The Discerning Texan

All that is necessary for evil to triumph, is for good men to do nothing.
-- Edmund Burke
Tuesday, December 11, 2007

NYT Doublespeak suggests CIA complicity in tape destruction

The Times and the Democrats obviously want to portray the destruction of the waterboarding tapes as something that the Bush Administration initiated; but if you read the Times story, it seems more and more evident that it was individuals within the CIA itself that made the decision to destroy the tapes. The only question remaining is: why? Especially given the fact which has come out now that the Bush Administration recommended in 2003 that they not be destroyed. Captain Ed has more detail, but suffice it to say that this entire matter is beginning to emit a pungent odor of another attempted (and botched) Valerie Plame-like "gotcha" operation, whose target was the Bush Administratrion, and whose source lies squarely within the Agency itself:

The story of the CIA's tape destruction took another twist today. Earlier, Mark Mazzetti had written that the destruction of the tapes angered the CIA's legal counsel, John Rizzo. Today, Mazzetti and Scott Shane report that the CIA's attorneys gave permission to destroy the tapes of interrogations that included waterboarding:

Lawyers within the clandestine branch of the Central Intelligence Agency gave written approval in advance to the destruction in 2005 of hundreds of hours of videotapes documenting interrogations of two lieutenants from Al Qaeda, according to a former senior intelligence official with direct knowledge of the episode.
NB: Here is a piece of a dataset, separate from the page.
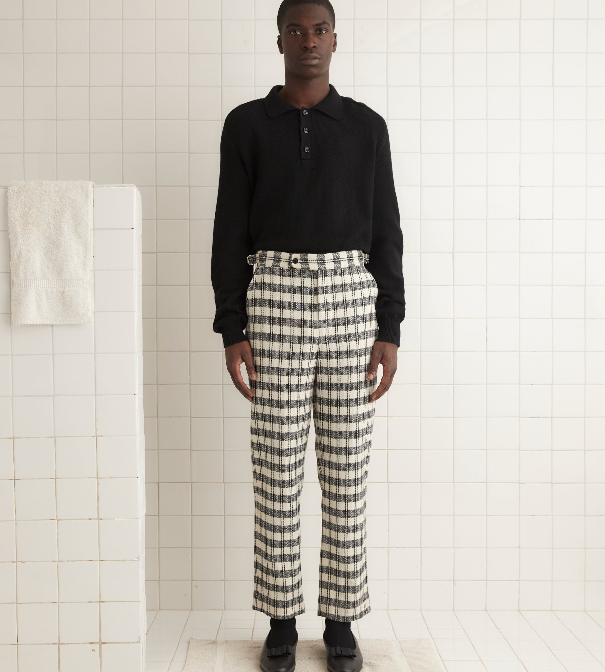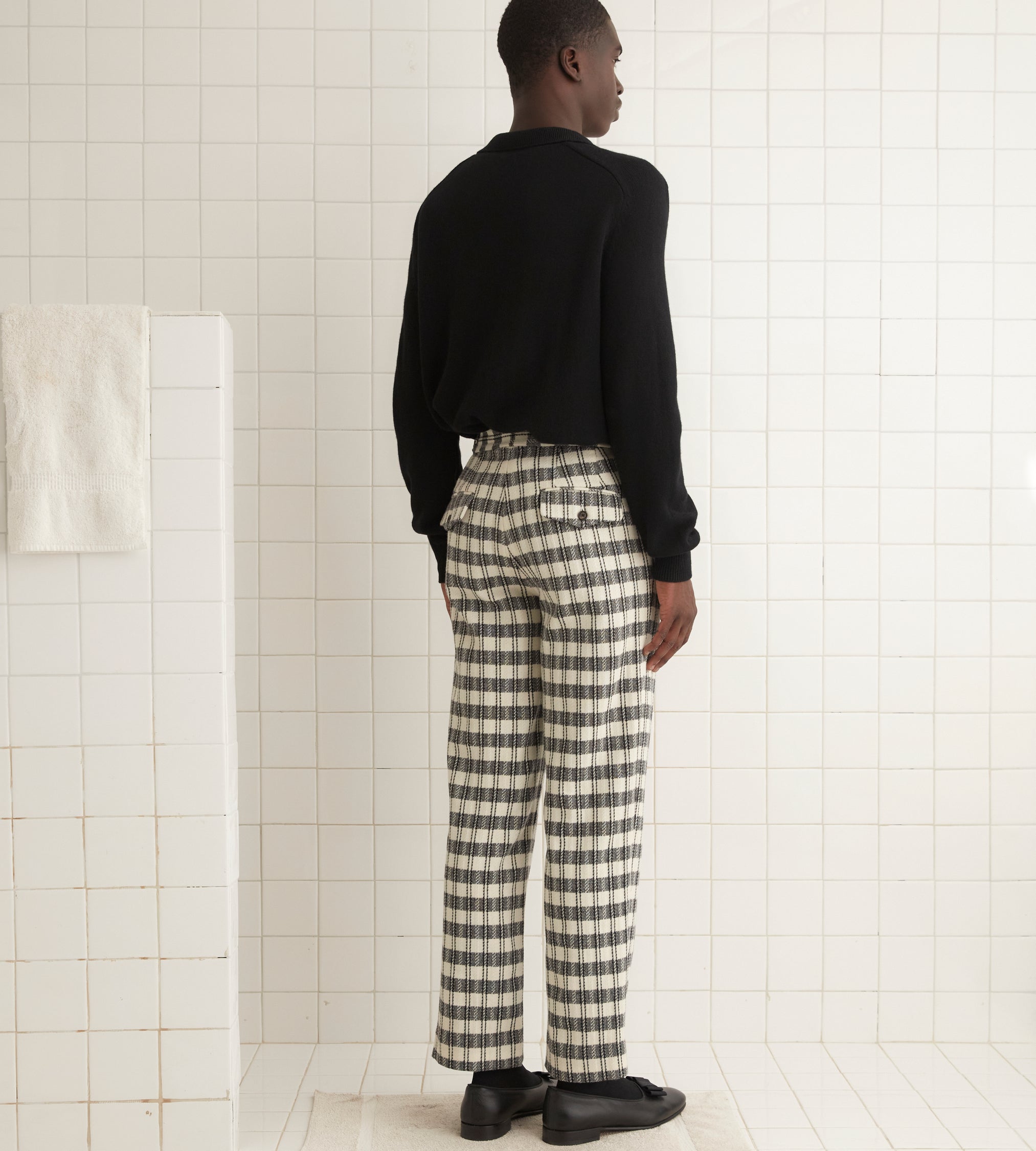 These trousers are inspired by midcentury suiting. Made from a herringbone twill check, they have a mid-rise and a straight leg.

The involvement of agency lawyers in the decision making would widen the scope of the inquiries into the matter that have now begun in Congress and within the Justice Department. Any written documents are certain to be a focus of government investigators as they try to reconstruct the events leading up to the tapes’ destruction.

The former intelligence official acknowledged that there had been nearly two years of debate among government agencies about what to do with the tapes, and that lawyers within the White House and the Justice Department had in 2003 advised against a plan to destroy them. But the official said that C.I.A. officials had continued to press the White House for a firm decision, and that the C.I.A. was never given a direct order not to destroy the tapes.

“They never told us, ‘Hell, no,’” he said. “If somebody had said, ‘You cannot destroy them,’ we would not have destroyed them.”

It sounds like a lot of double-talk, and it sounds as though all of it comes from the CIA. The agency asked for a legal opinion, and received it: don't destroy the tapes. One can spin it as one likes, but a "firm decision" doesn't require a "Hell, no." The CIA didn't like the answer it received and decided to ignore it.

The New York Times appears to have some problems reporting this story, too. How could John Rizzo get angered by a decision his team made? Mazzetti reported on Saturday that Rizzo knew nothing about the destruction of the tapes until afterwards, but now the Gray Lady says the lawyers concurred on the destruction beforehand. It's hard to believe that the CIA's attorneys would cut the chief counsel out of the decision loop.

Mazzetti and Shane say that this widens the scandal. It doesn't do that at all; if anything, it muddies it considerably. If the lawyers determined that the tapes should get destroyed, one presumes they had a reason to make that decision. It no longer looks like a rogue operation to obstruct justice, or at least looks a lot less like it, and more of the controlled, considered step the CIA claimed it was. It also still doesn't make this a "widening" scandal in an agency sense. It remains a CIA issue, especially since the Times makes it clear that Langley ignored White House counsel on this step.

The good Captain has more here. But this stinks to high heaven.

Meanwhile today's WSJ highlights the fact that Pelosi and the Dems knew about the interrogations and tapes five years ago. An excerpt:

After three days of screaming headlines about the CIA destroying videotapes in 2005 of the "harsh" interrogation of two terrorists, it now comes to light that in 2002 key members of Congress were fully briefed by the CIA about those interrogation techniques, including waterboarding. One member of that Congressional delegation was the future House Speaker, Nancy Pelosi.

The Washington Post on Sunday reported these series of briefings. While it is not our habit to promote the competition, readers should visit the Post's Web site and absorb this astonishing detail for themselves as reported by Joby Warrick and Dan Eggen in "Hill Briefed on Waterboarding in 2002: In meetings, spy panels' chiefs did not protest, officials say."

Porter Goss, the former chair of the House Intelligence Committee who later served as CIA director from 2004 to 2006 is explicit about what happened in these meetings: "Among those being briefed, there was a pretty full understanding of what the CIA was doing. And the reaction in the room was not just approval, but encouragement."

In all, the CIA provided Congress with some 30 briefings on waterboarding before it became a public issue.